Here's the summary of the brief:
A claim that a land use regulation takes property in violation of the Fifth Amendment’s Takings Clause is ripe for judicial review under Williamson County Reg’l Planning Comm’n v. Hamilton Bank of Johnson City, 473 U.S. 172, 191 (1985), as soon as the government makes a final decision applying the regulation to the plaintiff’s property, and the property owner is not required to seek a change in the law before it can come to court.
This brief first provides the context of the per se regulatory taking alleged by the property owners, which results from an application of the Hawaii Supreme Court’s decision in GATRI v. Blane, 88 Haw. 108, 962 P.2d 367 (1998). Next, this brief addresses three issues:
First, the County’s summary refusal to process the owners' application under existing law was all that was required to ripen their Fifth Amendment takings claim, and is a “final decision” under Williamson County subject to judicial review.

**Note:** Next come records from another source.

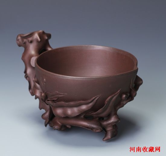 汪先生的此件圣思桃杯力作,著录于《紫韵雅玩》第269页。其外形似半个仙桃,并有枝叶相连,似刚从树下连枝摘下的仙桃。以苍劲的桃枝作把手,一枝三叶、长在枝端的三棵小桃子为基座,整个杯体上塑有老嫩桃叶数枚、大小不一的桃子、绽放及半开含蓄的桃花、花蕾,参差扶疏,形体各异,叶脉清晰,花蕊精细,婀娜多姿,技艺卓绝。伸展弯曲的叶片、桃枝末端及三个小桃构成了三个支撑点,令桃杯稳立桌面。杯口若桃,桃嘴作流,口沿及内壁光洁明润,整杯色呈深紫,泥质温润细腻,令人爱不释手,杯侧钤印“寅仙”阳文一枚。整体观之,心生“半桃可知江南味,紫砂艺苑大乾坤”之感慨!读器遐思,宛若品读一幅立体的江南工笔画,精巧细腻的风物图。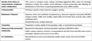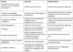 This appendix lists and explains the processing of personal data implemented by KOOVEA in its capacity as data controller in the context of the commercial relationship with the Client.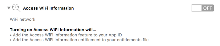 בנוסף, פרופיל ההקצאה צריך לתמוך ביכולת Access WiFi Information. אפשר להוסיף אותו ב-Apple Developer Portal.
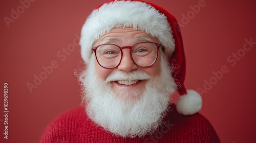 © Chaithat, Naklejka premium Happy Santa Claus with White Beard and Red Hat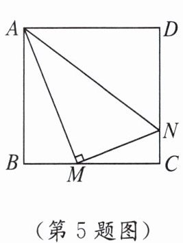 5. 已知正方形 $ ABCD $ 的边长为 $ 4 $,$ M $,$ N $ 分别是 $ BC $,$ CD $ 上的两个动点,且始终保持 $ AM \perp MN $。当 $ BM = $____时,四边形 $ ABCN $ 的面积最大。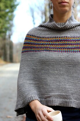 There are magical techniques hidden in the construction of this garment, from miraculous 1 strand colorwork (no fumbling with 2 strands of yarn!) to a mystical (yet so simple to do) way to hide all of those colorwork ends without needing to weave them all in! This design will delight not only the new knitter looking to dip their feet into new technique, but also the experienced knitter who finds themselves thinking, “There has to be a better way!” The final garment will work its last charm when you wear it. Everyone around you will be enchanted by your stylish poncho and will shower you with compliments!Yarn 1 Wonderland Yarns Mad Hatter Mini Skein Pack (Pictured in “Dark Rainbow Collection #53) 2 (2, 3, 3, 3)(3, 4, 4, 4) skeins of Wonderland Yarns Mad Hatter (Pictured in “Gravel-Walk #62”)

Second, the owners were required to do nothing further before asserting their federal takings claims, such as subject themselves to the County’s political processes and pursue a change in the law.
Finally, in order to assert their federal takings claims, the owners were not required to exhaust any administrative remedies that might have been available, since exhaustion of remedies plays no part in Fifth Amendment analysis.